Task description = Make an exact copy of the records, leaving out the images.

(Records from a data collection)

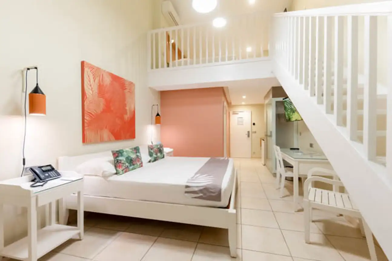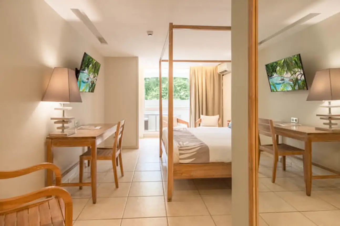 - Suite Tropicale vue village (45 m²) : salle de bain avec douche et baignoire, terrasse privative de 6 m² vue village. Capacité maximum : 2 adultes.
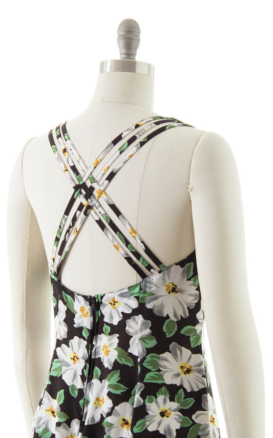 1990s Floral Strappy Mini Skater Dress | small
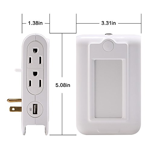 GRDE Wall Mount Charger with 4 AC Outlet Dual USB Charging Ports Dusk to Dawn Sensor LED Night Light and Slot Phone Holder
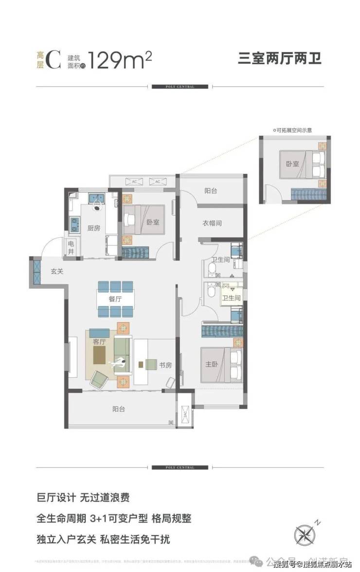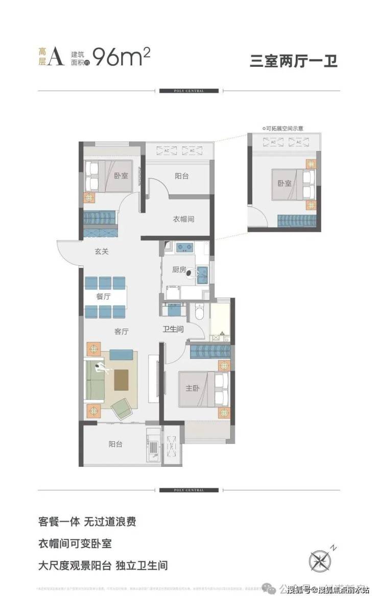 创新户型:高扩容空间,阳台和飘窗均可改造,可使用面积增加约11㎡,
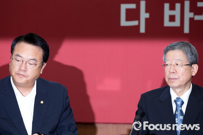 (서울=포커스뉴스) 김희옥(오른쪽) 새누리당 혁신비상대책위원장과 정진석원내대표가 21일 오전 서울 여의도 새누리당사에서 열린 혁신비상대책위원회의에 참석하고 있다.
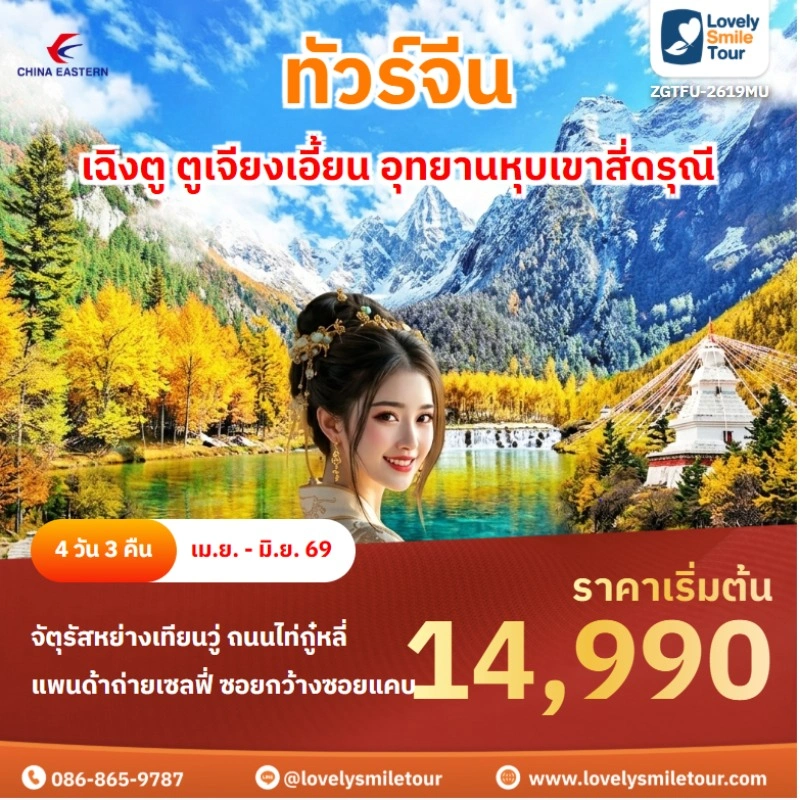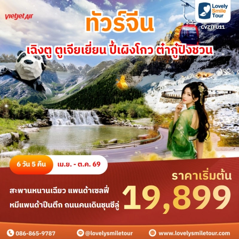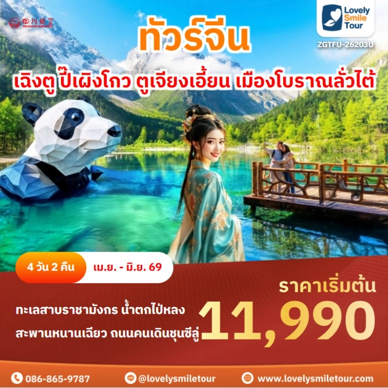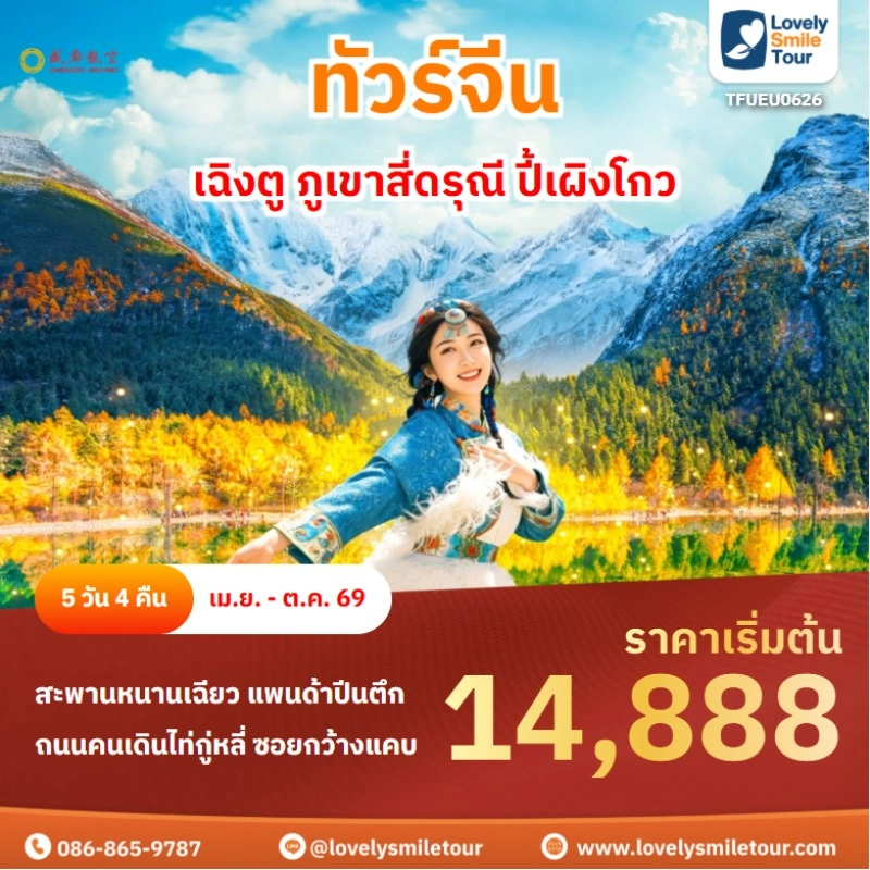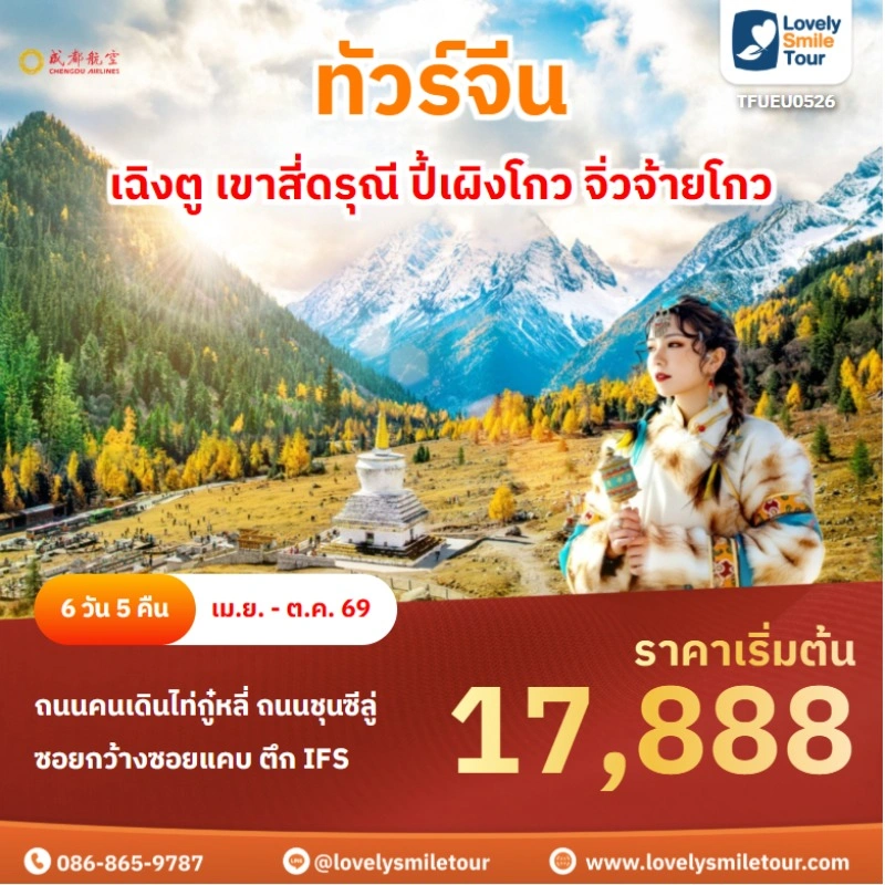 Lovely Smile Tour มีแพ็กเกจ ทัวร์เฉิงตู สี่ดรุณี หวงหลง จิ่วจ้ายโกว ให้เลือกหลายรูปแบบ มีทั้งแบบไม่เข้าร้านรัฐบาลและแบบเข้าร้านรัฐบาล พักโรงแรมระดับ 4-5 ดาว สายการบินมีทั้งแบบ Full Service และ Low Cost หากสนใจจองแพ็กเกจไหน แอดไลน์หรือโทรสอบถามได้เลย

Your solution =
 - Suite Tropicale vue village (45 m²) : salle de bain avec douche et baignoire, terrasse privative de 6 m² vue village. Capacité maximum : 2 adultes.
 1990s Floral Strappy Mini Skater Dress | small
 GRDE Wall Mount Charger with 4 AC Outlet Dual USB Charging Ports Dusk to Dawn Sensor LED Night Light and Slot Phone Holder
 创新户型:高扩容空间,阳台和飘窗均可改造,可使用面积增加约11㎡,
 (서울=포커스뉴스) 김희옥(오른쪽) 새누리당 혁신비상대책위원장과 정진석원내대표가 21일 오전 서울 여의도 새누리당사에서 열린 혁신비상대책위원회의에 참석하고 있다.
 Lovely Smile Tour มีแพ็กเกจ ทัวร์เฉิงตู สี่ดรุณี หวงหลง จิ่วจ้ายโกว ให้เลือกหลายรูปแบบ มีทั้งแบบไม่เข้าร้านรัฐบาลและแบบเข้าร้านรัฐบาล พักโรงแรมระดับ 4-5 ดาว สายการบินมีทั้งแบบ Full Service และ Low Cost หากสนใจจองแพ็กเกจไหน แอดไลน์หรือโทรสอบถามได้เลย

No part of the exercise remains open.